Some things you may find interesting: https://github.com/dwelch67/raspberrypi
https://github.com/rsta2/circle
https://ultibo.org/
Think of the latter 2 as "HAL plus some primitives" rather than RTOS...
C, C++, Rust, possibly Ocaml, FORTH, FreePascal, etc... or else you are actually on about a virtual machine, not bare metal.
Learning how to create your own heap. Make your own malloc/free on a baremetal device and that will be a huge boost for you, confidence wise...
Others beg to differ, selling GC enabled development environments from small PICs to grown up ARM deployments.
http://www.astrobe.com/default.htm
http://www.microej.com/
https://www.aicas.com/cms/
https://www.ptc.com/en/products/developer-tools/perc
https://www.microdoc.com/ibm-websphere-everyplace-custom-env...
Some solutions even considered suitable for bare metal work by the US and French military.
And speaking of Go on bare metal, https://tinygo.org/
http://www.projectoberon.com/
https://inf.ethz.ch/personal/wirth/ProjectOberon/index.html
Sadly the ready made OberonStation boards are no longer on sale.
https://www.pvk.ca/Blog/2014/03/15/sbcl-the-ultimate-assembl...
https://github.com/cirosantilli/x86-bare-metal-examples
He has a lot of them, and you can also check out his stack overflow answers.
>Does anyone even work with assembly anymore?
in infosec, definitely
As a little bit of a different fun one:
I have a MicroPython project I'm building, a limited run toy, which live-assembles some assembler that it deploys to a co-processor which handles low power mode.

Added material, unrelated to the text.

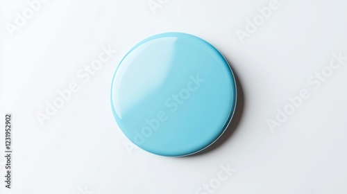 Light blue button badge mockup isolated on white, top view, ready for design.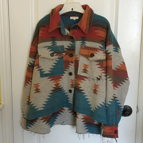 Super cute western shacket with an aztec design. Has only been worn a handful of times and is in perfect condition. Has an oversized fit and is longer in the back. It is thicker material and way soft. ❤️

A real mix of very high level and very low level code.
I do so not for performance but for reducing dependencies, for building a more parsimonious stack at all levels: https://github.com/akkartik/mu/blob/master/subx/Readme.md. It's surprisingly pleasant. Lately I find myself thinking heretical thoughts, like whether high-level languages are worth all the trouble.
Otherwise the only things I've done recently have been writing a simple "compiler" for maths, converting "3 4 + 5 *" into floating-point assembly, or generating code for a toy-language.